The gap is expected to widen with the Association of American Medical Colleges estimating a shortfall of up to 43,000 PCPs nationwide by 2030, making it harder to find a new physician and schedule same-day appointments with existing providers—a factor that will further drive the expansion of urgent care centers and retail clinics statewide. Another driver is Connecticut’s aging population. The American Geriatric Society estimates that the number of individuals aged 65 and above will grow to 956,000 by 2030, up from 577,000 in 2015, and they would exert pressure on the demand side for healthcare services.

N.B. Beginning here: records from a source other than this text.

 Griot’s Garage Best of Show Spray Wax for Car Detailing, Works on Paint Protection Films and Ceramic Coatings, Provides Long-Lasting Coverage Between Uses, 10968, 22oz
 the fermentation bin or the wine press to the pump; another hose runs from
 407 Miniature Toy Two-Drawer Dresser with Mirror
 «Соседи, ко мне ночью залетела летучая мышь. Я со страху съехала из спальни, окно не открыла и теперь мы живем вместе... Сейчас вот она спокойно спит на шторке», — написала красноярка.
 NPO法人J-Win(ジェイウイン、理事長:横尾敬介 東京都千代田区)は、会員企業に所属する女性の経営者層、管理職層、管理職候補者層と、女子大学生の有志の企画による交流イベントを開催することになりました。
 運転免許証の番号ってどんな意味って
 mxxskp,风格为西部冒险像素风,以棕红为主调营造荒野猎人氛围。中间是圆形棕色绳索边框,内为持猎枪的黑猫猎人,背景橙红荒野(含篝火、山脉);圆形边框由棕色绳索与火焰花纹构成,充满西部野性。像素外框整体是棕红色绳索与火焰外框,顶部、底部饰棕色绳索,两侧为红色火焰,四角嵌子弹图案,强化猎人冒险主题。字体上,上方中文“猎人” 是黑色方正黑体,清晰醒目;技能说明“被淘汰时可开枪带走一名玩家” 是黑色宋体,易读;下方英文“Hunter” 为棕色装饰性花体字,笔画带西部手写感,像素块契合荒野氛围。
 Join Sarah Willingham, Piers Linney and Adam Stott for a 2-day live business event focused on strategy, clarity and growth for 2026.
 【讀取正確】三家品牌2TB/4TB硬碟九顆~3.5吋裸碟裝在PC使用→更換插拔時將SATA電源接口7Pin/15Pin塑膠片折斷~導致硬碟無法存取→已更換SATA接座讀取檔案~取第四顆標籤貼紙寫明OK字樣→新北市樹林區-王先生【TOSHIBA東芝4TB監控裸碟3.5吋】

Dr. Michael Gutman, medical director and founder of New England Urgent Care, and his wife Yahel, a nurse, opened their first urgent care clinic in West Hartford in 2011. The group has since expanded to four more locations – Enfield, Simsbury, Bristol, and the newest, Manchester, which opened in May of this year. All locations broke even within two years, Gutman said—“We don’t have the overhead costs that hospitals have.”
His biggest selling point? The nurses are trained in emergency medicine. “We’ve had patients with heart attack, trauma, and gastro-intestinal bleeding—even by the time an ambulance arrives, patients have been stabilized by our emergency team to be transported to the ER.”
Per UCAOA data, 98 percent of patients who visit an urgent care clinic are in the right care setting; two percent need to be transported to the ER. Doctors are well aware that urgent care centers are not a substitute for patient visits with a regular primary care physician. In response to patient needs for regular care, Gutman is in the process of opening a primary care center adjacent to his urgent care clinic in Enfield.
In Connecticut, there is currently no law that states which practices can call themselves urgent care—all walk-in clinics are licensed as outpatient medical centers—although some individual businesses have obtained accreditation from the UCAOA. Competitors include St. Francis FastCare, which has clinics at Stop & Shop grocery stores, staffed by Advanced Practice Registered Nurses (APRNs); the national giant Concentra Urgent Care, formerly a subsidiary of Humana, Inc.; Connecticut Urgent Care, which is building community relationships at bike shows and Lions Clubs; and smaller players including Velocity Urgent Care in Rocky Hill and Southington; and Premier Urgent Care in Newington. Many urgent care centers accept uninsured patients and individuals covered by Medicaid, but several clinics decline to treat patients covered by Medicaid or Connecticut Husky plans.
“We attribute the continued growth of urgent care to the increased need in the marketplace, and the importance of urgent care in today’s healthcare system,” said UCAOA’s Ginter. “Urgent care centers provide a robust spectrum of care for immediate but non-emergency situations, treating everything from the flu and broken bones to asthma and concussion screening.”
He also said that while there is strong evidence that hospital systems continue to enter the urgent care sector as part of their ambulatory care strategy, the data does not reflect a growth trend.
Editor's note: This story was updated on May 31, 2017, to correct the industry growth rate predicted by VMG Health.